**Entries supplied:**
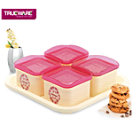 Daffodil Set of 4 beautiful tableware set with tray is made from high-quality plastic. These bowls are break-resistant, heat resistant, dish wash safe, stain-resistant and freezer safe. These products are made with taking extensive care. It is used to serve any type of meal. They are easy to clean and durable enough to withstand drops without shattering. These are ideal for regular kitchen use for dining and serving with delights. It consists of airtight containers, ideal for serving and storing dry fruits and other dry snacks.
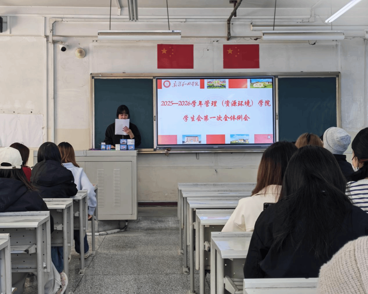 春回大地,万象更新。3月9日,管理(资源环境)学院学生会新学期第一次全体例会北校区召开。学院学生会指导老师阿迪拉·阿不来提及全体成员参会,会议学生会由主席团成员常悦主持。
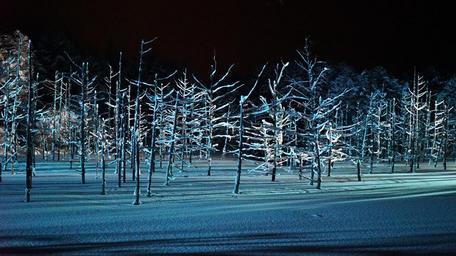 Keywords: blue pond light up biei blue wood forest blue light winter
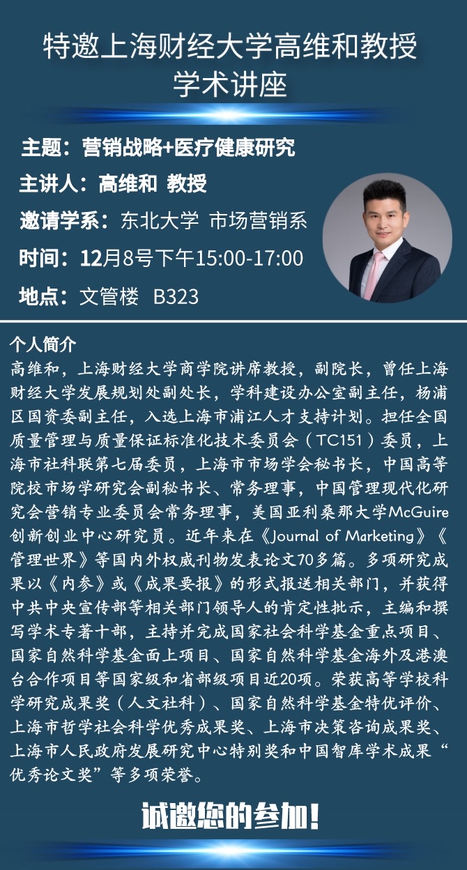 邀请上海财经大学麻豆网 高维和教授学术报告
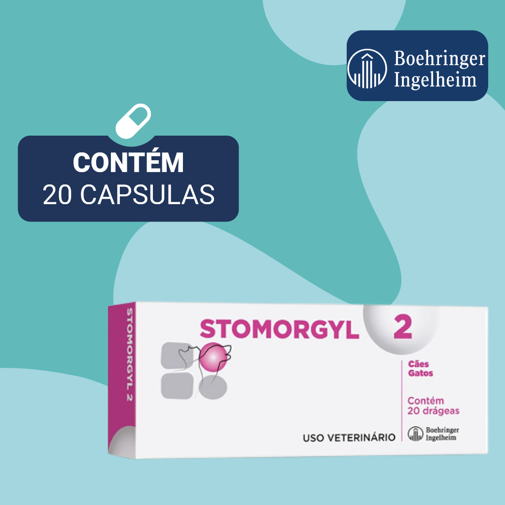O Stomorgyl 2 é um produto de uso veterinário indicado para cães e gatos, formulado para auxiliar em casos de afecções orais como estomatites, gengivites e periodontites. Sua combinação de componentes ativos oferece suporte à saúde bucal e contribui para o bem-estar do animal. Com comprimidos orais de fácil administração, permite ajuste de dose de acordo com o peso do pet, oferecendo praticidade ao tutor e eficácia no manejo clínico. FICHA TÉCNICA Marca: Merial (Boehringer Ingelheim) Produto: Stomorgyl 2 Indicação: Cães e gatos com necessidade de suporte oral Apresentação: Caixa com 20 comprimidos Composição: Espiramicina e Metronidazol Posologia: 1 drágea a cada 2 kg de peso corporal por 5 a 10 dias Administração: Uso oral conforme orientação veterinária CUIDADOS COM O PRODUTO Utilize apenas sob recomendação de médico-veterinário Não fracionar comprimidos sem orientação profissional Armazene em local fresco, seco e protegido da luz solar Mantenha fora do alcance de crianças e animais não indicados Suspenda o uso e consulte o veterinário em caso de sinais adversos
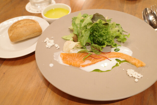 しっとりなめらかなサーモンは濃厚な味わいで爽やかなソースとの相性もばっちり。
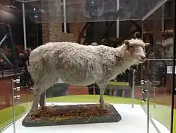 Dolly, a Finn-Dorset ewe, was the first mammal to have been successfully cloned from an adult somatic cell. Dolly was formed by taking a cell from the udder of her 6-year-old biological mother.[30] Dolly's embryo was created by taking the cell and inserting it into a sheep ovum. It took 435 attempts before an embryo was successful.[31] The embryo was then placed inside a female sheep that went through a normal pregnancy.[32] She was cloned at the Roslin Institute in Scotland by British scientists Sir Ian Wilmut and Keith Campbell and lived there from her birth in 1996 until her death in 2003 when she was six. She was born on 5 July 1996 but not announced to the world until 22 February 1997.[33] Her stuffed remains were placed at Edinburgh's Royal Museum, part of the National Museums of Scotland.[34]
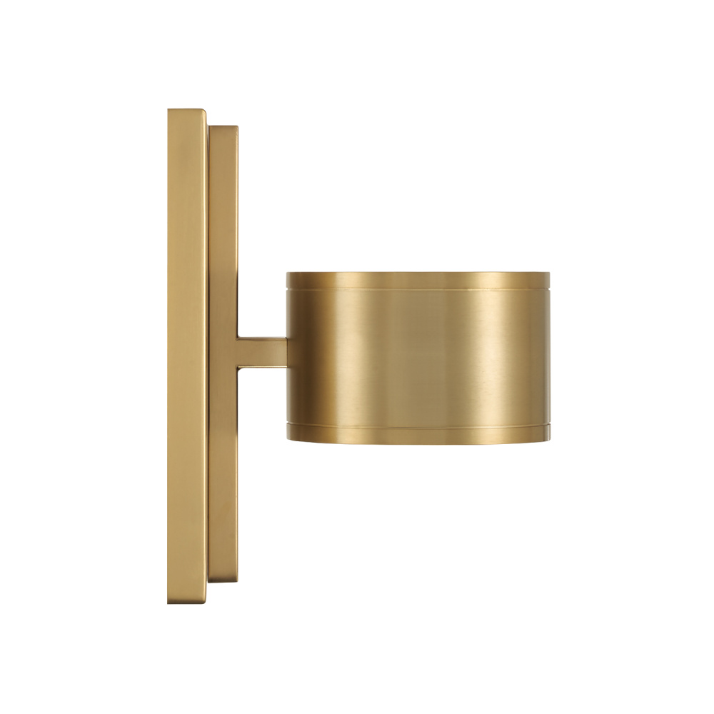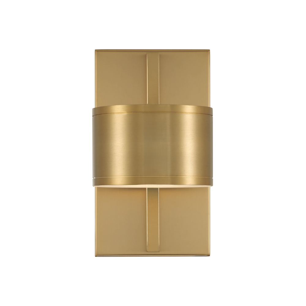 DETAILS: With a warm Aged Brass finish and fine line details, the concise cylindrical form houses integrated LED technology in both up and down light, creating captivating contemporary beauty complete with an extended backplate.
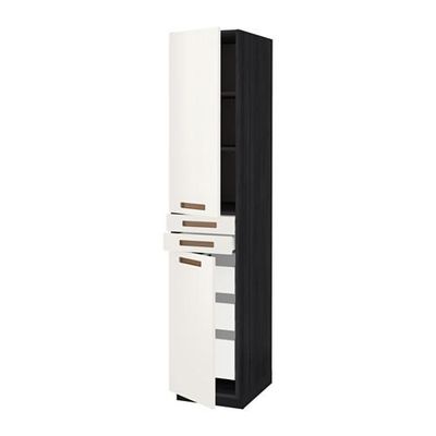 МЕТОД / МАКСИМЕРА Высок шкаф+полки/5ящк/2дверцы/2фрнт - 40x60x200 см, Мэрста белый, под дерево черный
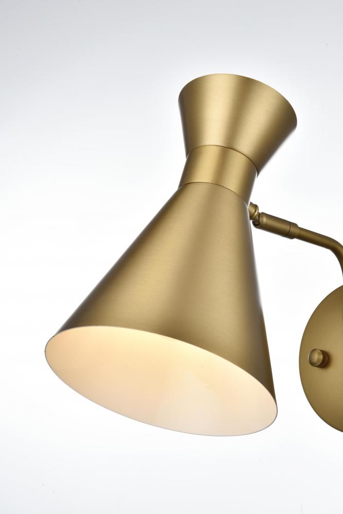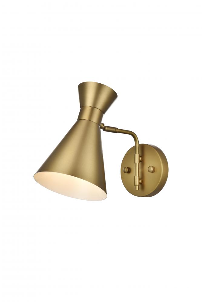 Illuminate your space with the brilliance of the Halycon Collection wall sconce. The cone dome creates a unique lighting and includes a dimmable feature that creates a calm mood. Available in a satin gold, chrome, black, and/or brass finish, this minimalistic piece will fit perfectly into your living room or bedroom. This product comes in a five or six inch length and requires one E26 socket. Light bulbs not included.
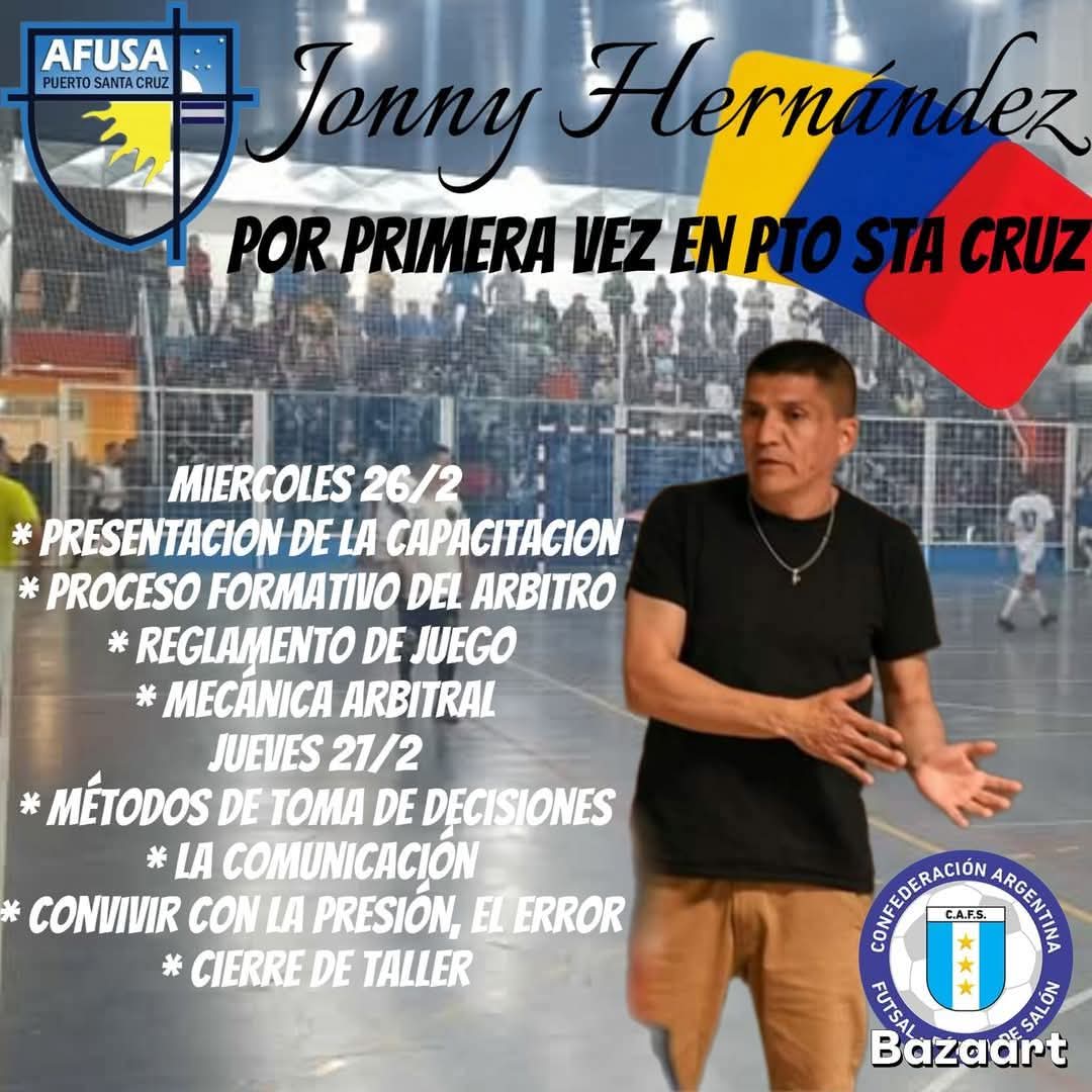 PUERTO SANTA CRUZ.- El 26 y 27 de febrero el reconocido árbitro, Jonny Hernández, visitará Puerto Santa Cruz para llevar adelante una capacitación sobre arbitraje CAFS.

* * *

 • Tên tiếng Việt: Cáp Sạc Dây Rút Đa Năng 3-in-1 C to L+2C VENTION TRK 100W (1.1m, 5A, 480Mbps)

**Exercise:** Starting at the line with "Daffodil Set of" in the entries above, write out every line exactly until the line with "邀请上海财经大学麻豆网 高维和教授学术报告" has been written. Include no pictures and nothing more.

**Solution below:**
 Daffodil Set of 4 beautiful tableware set with tray is made from high-quality plastic. These bowls are break-resistant, heat resistant, dish wash safe, stain-resistant and freezer safe. These products are made with taking extensive care. It is used to serve any type of meal. They are easy to clean and durable enough to withstand drops without shattering. These are ideal for regular kitchen use for dining and serving with delights. It consists of airtight containers, ideal for serving and storing dry fruits and other dry snacks.
 春回大地,万象更新。3月9日,管理(资源环境)学院学生会新学期第一次全体例会北校区召开。学院学生会指导老师阿迪拉·阿不来提及全体成员参会,会议学生会由主席团成员常悦主持。
 Keywords: blue pond light up biei blue wood forest blue light winter
 邀请上海财经大学麻豆网 高维和教授学术报告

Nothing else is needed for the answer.